Авторов, склонных к одушевлению предметного мира, даже если они самые разные, выделить совсем нетрудно. Назовем некоторых: Белый, Пастернак, Олеша и Хармс; любопытно, что все они писали эссе, теоретические тексты или дневниковые записи о сущности предметов и о своем отношении к предметному миру. Опыт литературных текстов позволяет обнаружить и то, что понятие эмигранта нужно рассматривать в более широком смысле, в качестве метафоры некоторого комплексного художественного состояния. Эту мысль нетрудно подтвердить, если сопоставить эссе Набокова с трактатами Даниила Хармса или же их оптические приемы использования вещей с обращением с предметами в прозе Олеши (об этом см. ниже).

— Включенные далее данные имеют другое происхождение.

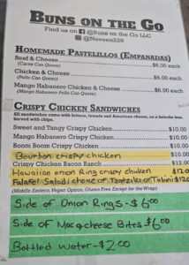 Our food truck for the afternoon will be Buns on the Go, also onsite from 1 to 4. Please note that when we have a food truck scheduled onsite, we ask that you support the food truck and no offsite food be brought onsite.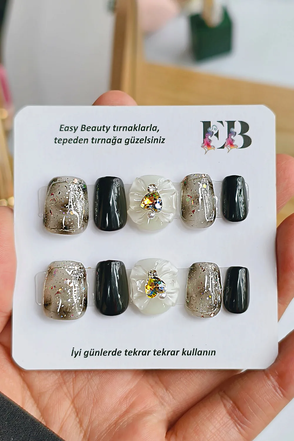 [Neden Easy Beauty] Easy Beauty takma tırnakları seçmeniz için en önemli neden ise resimde gördüğünüz ürünü satın alacak olmanızdır. Yani, burada gösterilen fotoğraflarda ya da videolarda herhangi bir oynama yapılmamıştır. Fotoğraf ve videolar Easy Beauty markası tarafından üretilmiştir, başka bir yerden kopyalanmamıştır.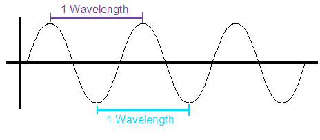 The wavelength of a wave is the distance between a point on one wave, and the same point on the next wave.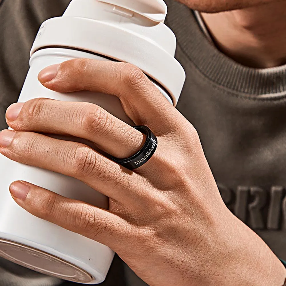 Custom All-Black Stainless Steel Spinner Ring – Personalized Name Ring with Inner Engraving, Ideal Valentine's Day Gift for Him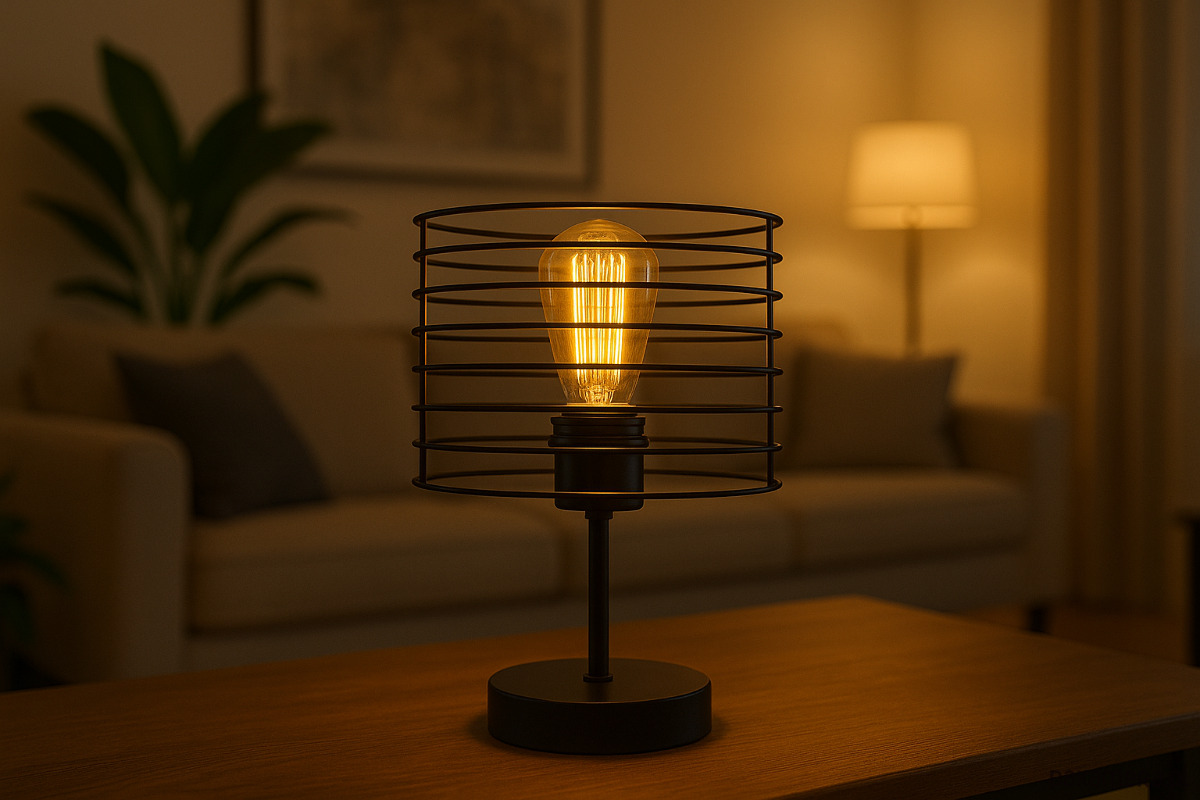 Czarna lampka stołowa z drucianym kloszem w stylu loftowym LUKKA LOFT

Упомянутое эссе, первоначально доклад Набокова, «Человек и вещи» чутко и четко описывает отношение субъекта-творца и созданного воображением одушевленного и подчиненного предмета-объекта. Это отношение уподобляется связи Творца и созданного им Человека. Создается строгая иерархия мира: «не только нет предмета без человека, нет предмета без определенного отношенья к нему со стороны человека <…> Нет одной вещи, <…> а четыре, пять, шесть, миллион вещей в зависимости от того, сколько людей смотрят на нее» [Набоков 1999b: 20]. Свой и чужой предмет таким образом даже в том случае непохожи, если они внешне одинаковы. «В чужом доме, на письменном столе я увидел в точь-точь такую же пепельницу, как на столе у меня, – и все-таки, эта – моя; та – чужая» [Набоков 1999b: 20].

За этими мыслями чувствуется логика эстетического творчества Набокова, в котором автор становится Богом и повелителем своего мира, своих «галерных рабов», «марионеток» (как впоследствии назовет их автор). «Анимированные» предметы (ставшие более ценными вследствие их уникальности) возвышают «аниматора», придавая его идентичности опору и уверенность.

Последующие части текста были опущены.